Lines below starting with the line with "Selger et komplett" and going on through the line with "Les Vendredis de Bourradet 2019, du" must be output exactly; the rest of the records must be left out.

RECORDS TO USE:
*** Block opens ***
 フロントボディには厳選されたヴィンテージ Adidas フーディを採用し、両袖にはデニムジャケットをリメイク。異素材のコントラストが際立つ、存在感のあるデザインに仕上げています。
*** Block closes ***
*** Block opens ***
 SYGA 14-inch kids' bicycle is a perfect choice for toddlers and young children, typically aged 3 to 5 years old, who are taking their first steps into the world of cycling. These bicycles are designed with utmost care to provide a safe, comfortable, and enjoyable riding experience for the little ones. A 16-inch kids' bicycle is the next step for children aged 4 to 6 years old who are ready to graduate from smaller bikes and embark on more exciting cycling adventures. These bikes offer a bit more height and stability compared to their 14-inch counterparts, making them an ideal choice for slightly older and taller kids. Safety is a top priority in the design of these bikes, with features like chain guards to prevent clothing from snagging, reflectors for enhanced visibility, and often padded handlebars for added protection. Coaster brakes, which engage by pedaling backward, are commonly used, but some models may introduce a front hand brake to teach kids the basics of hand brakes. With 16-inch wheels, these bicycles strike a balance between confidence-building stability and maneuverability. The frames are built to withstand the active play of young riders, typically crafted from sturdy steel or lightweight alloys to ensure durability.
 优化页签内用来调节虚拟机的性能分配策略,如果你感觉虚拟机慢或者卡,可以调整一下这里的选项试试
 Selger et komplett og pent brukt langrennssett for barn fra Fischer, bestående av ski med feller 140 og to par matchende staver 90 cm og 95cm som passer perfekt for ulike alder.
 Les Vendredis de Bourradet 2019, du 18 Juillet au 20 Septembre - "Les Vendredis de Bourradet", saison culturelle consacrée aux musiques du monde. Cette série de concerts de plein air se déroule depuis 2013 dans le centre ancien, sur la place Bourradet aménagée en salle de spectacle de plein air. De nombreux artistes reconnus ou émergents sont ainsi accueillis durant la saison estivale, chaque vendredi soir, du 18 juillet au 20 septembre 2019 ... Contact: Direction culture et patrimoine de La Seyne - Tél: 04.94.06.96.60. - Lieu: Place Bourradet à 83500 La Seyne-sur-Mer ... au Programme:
*** Block closes ***
*** Block opens ***
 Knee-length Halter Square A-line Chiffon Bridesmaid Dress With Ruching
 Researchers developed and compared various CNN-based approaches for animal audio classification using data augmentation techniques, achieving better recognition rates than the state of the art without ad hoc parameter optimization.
*** Block closes ***
EXERCISE SOLUTION:
 Selger et komplett og pent brukt langrennssett for barn fra Fischer, bestående av ski med feller 140 og to par matchende staver 90 cm og 95cm som passer perfekt for ulike alder.
 Les Vendredis de Bourradet 2019, du 18 Juillet au 20 Septembre - "Les Vendredis de Bourradet", saison culturelle consacrée aux musiques du monde. Cette série de concerts de plein air se déroule depuis 2013 dans le centre ancien, sur la place Bourradet aménagée en salle de spectacle de plein air. De nombreux artistes reconnus ou émergents sont ainsi accueillis durant la saison estivale, chaque vendredi soir, du 18 juillet au 20 septembre 2019 ... Contact: Direction culture et patrimoine de La Seyne - Tél: 04.94.06.96.60. - Lieu: Place Bourradet à 83500 La Seyne-sur-Mer ... au Programme:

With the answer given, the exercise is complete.